This is my first CUDA enabled card, that I picked on the cheap, specifically for SETI... hoping it works well. I've got plenty of ATI power... too bad I can't use it :)

Codeman05
04-14-09, 09:43 AM
My understanding of CUDA...and I'm pretty new to this...is that the more stream processors (shaders) the better. Shader speed is very also important.

Now to give you an idea, here is the shader count on some popular CUDA cards
GTX280/285: 240
GTX260: 192
9800GTX: 128
8800GT: 112
8800GS: 96
8600GT: 32

Now I don't have a real precise way of knowing what my GPU's are individually putting out. My RAC hasn't stabilized yet and due to the CPU's crunching at the same time and the whole pending credit mess (over 100k right now), it's hard to say at this point.

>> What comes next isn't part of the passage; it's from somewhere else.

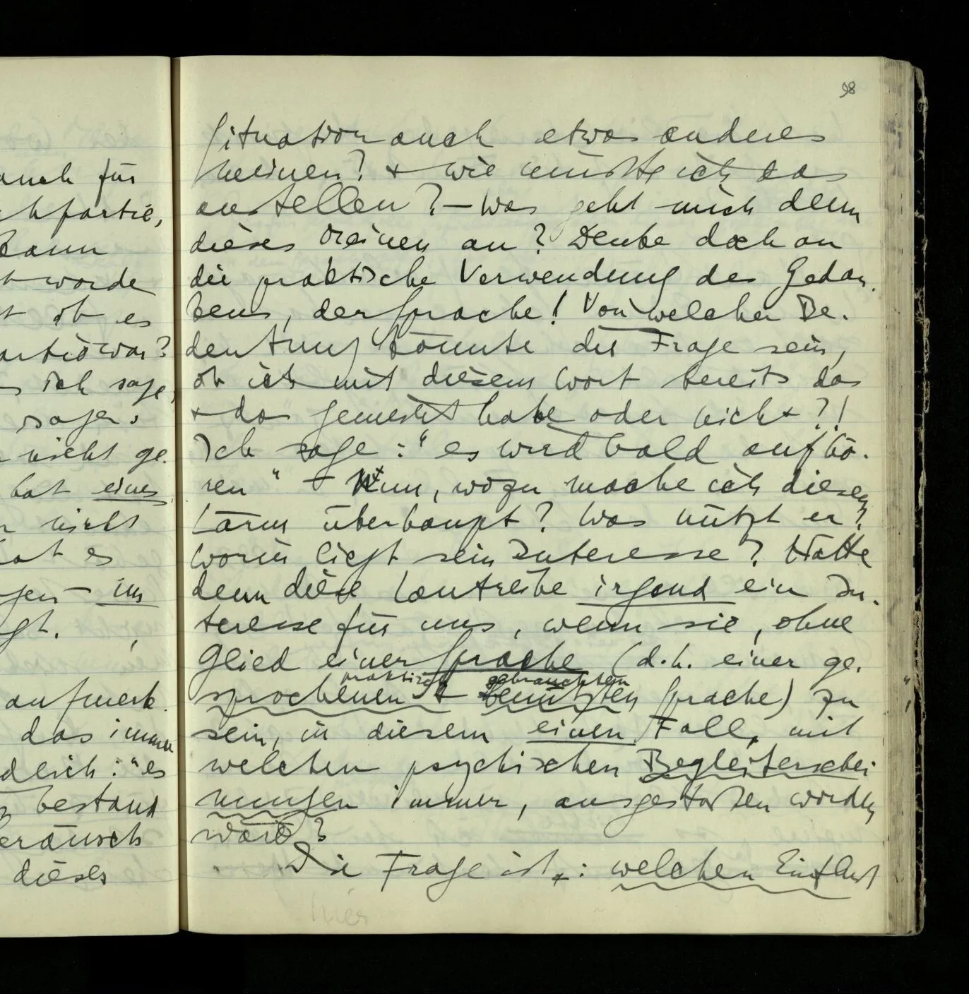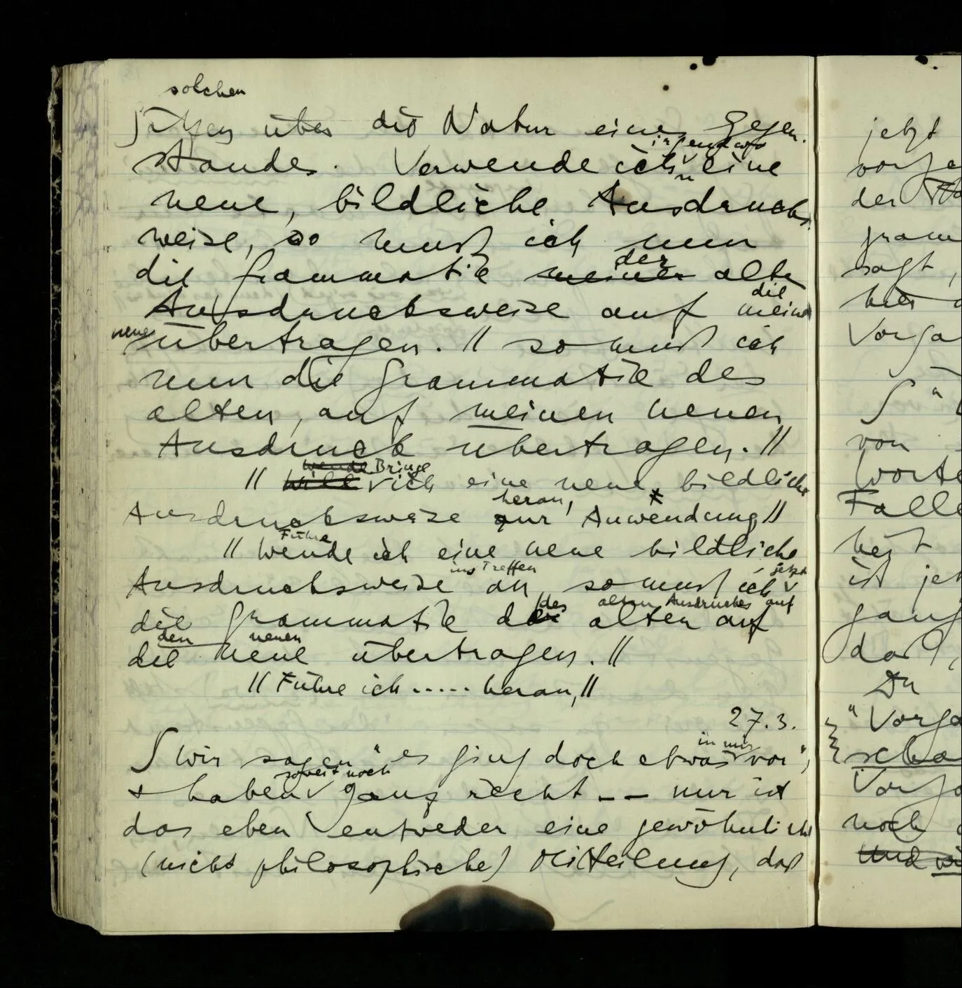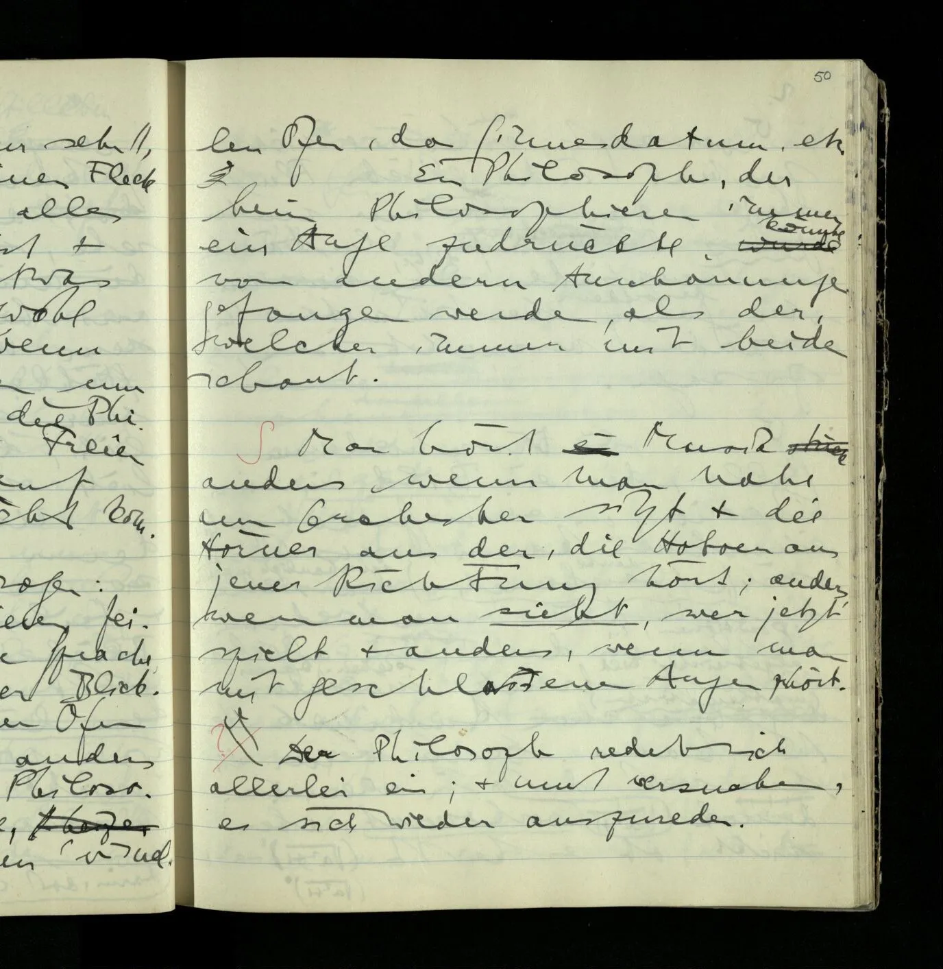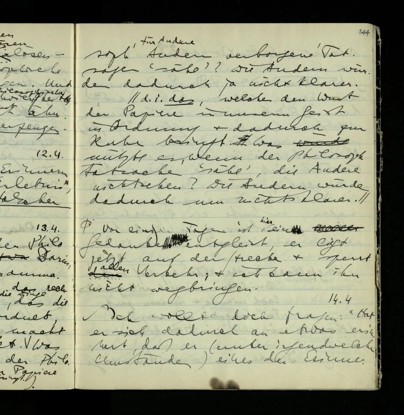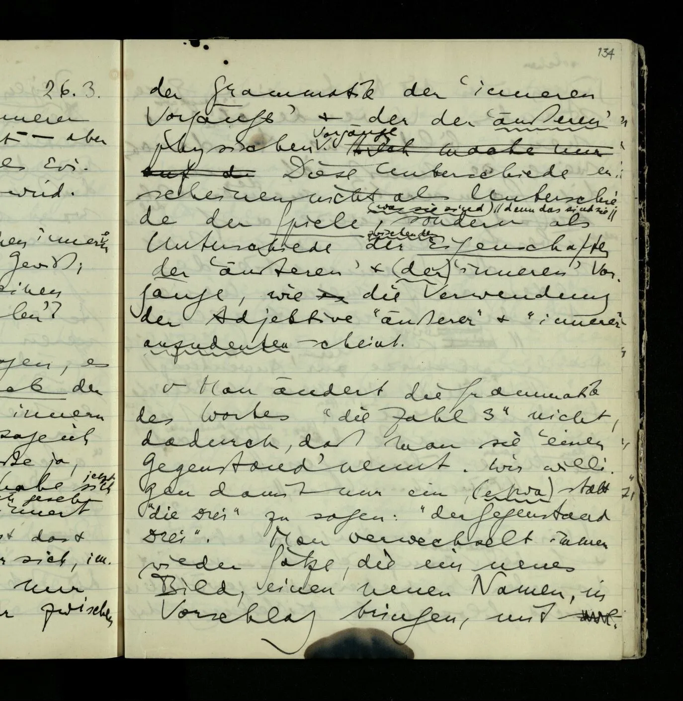 13.04.1938 Worin besteht es, daß der Philosoph etwas ‘sieht’? Darin, daß ihm die rechte grammatische Tatsache einfällt, das rechte Bild, d.h., das Bild, das die Dinge in unserm Geist ordnet, sie leicht zugänglich macht & den Geist so entlastet. (Das Bild welches den Wust der Papiere in unserm Geist ordnet.) Was würde es nützen, wenn der PhilosophAndern verborgene Tatsachen ‘sähe’? Die Andern würden dadurch ja nicht klarer.

The best way to test this would be to setup a rig with CUDA only and let it run 24 hours under a different PC name so that you know exactly what it did. Then with that exact same rig, run the alternate card you want to test. If you guys are really interested in something like this, I may be able to put one card in my X5200 rig sometime next week following the afore mentioned procedure. Of course, not all WU's are created equal, but I assume that if you look at the point value, you should have a decent comparison...rather than comparing WU volume.....if there is real interest in experimenting with a few different cards, I can do this with a GTX285, 8800gs, and 8800gt but it won't be until the end of the month.


Now I have a rig running 8800GS's at the moment as well. I can pretty well surmise from watching the two machines closely for several days that the GTX285's are easily a minimum of 2x as fast...card per card. This does correlate pretty well with the shader count...amoung other things (higher clocks etc...). Another note is that SETI shows my overclocked 8800GS's worth 50Gflops each...whereas my GTX285s show to be 130Gflops each stock. Obviously the higher the better...


All of that said, the 285's and the GTX series in general are damn fast...but I'm not sure I'd recommend putting them in a CUDA only cruncher. The price:RAC ratio is still a bit high. This rig is also my gaming rig, and I got the cards for a good price, so I was more or less able to justify it with 2 points of attack ;) Though it does crunch far more than it games.


I think the 8800 series, and probably the 8800GT particularly...would be the best bang for the buck. I've seen them new for $89 and I'm sure you can do better used.
If prices on the GTX260 continue to drop, that would probably be another good cuda bargin before long.

Of course, another good question would be watt/rac ratio for each card and how that plays into the price/performance mix.
For example (and this is totally theoretical). 2x 8800GTs together may consume more power than a single GTX285 that is putting out slightly higher rac.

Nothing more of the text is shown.